I have a list of UniprotIDs with a corresponding residue of interest (e.g. Q7TQ48_S442). I need to retrieve the +/-6 residues around the specific site within the protein sequence(in the example, the sequence I need would be DIEAEASEERQQE). Can you suggest a method to do it for a list of IDs + residue of interest using Python, R, or an already available web-tool? Thanks, Emanuele
If I enter a list of protein IDs into UniProt from https://www.uniprot.org/uploadlists/ or by uploading a file, I get a table of results. At the top of the table, there is an option that allows you to select the columns - one option is the peptide sequence. (no programming needed so far - just upload the list of UIDs you are interested in).
Now, to extract the specific sequence, this can be done in R using the substr
command. Here, we'd want to add/subtract 6 from either end:
len13seq <- with(uniprot_data, substr(peptide_sequence, start = ind - 6, stop = ind + 6 ))

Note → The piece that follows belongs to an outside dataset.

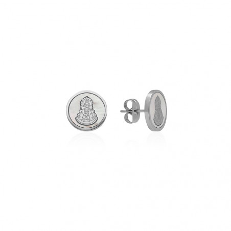 Pendientes Virgen del Rocío en formato redondo. Engastado con fondo en Nácar. Acabado pulido. Cierre a presión. Diámetro 11 mm.
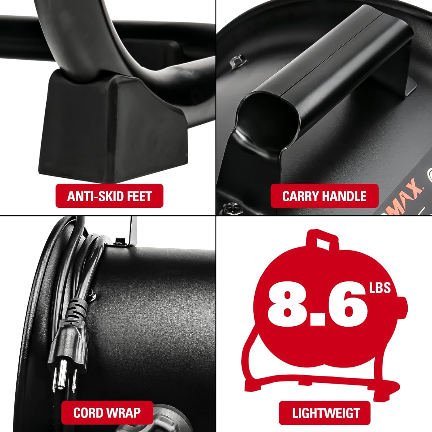 • 【Sturdy & Portable Design】 Built with a durable metal construction and aluminum blades, this high-velocity fan offers long-lasting performance, making it a reliable investment. A convenient carry handle allows for effortless transportation, and the 6.5 ft cord wrap ensures easy storage

where in your example, ind = 442
.
To make this work you need to
It is possible to do this entirely within R - I did that at one point, but I'm not sure you need it unless you need the entire thing to be automated. If that's what you need, I would suggest checking out https://www.bioconductor.org/packages/3.7/bioc/html/UniProt.ws.html. I don't use Bioconductor often, so I'm not familiar with the package. When I previously used R to get UniProt data, what I was after was not available in the tablular output, and I had to modify my code quite a bit to get to the data I was after. Hopefully, the Bioconductor solution is easier than what I did.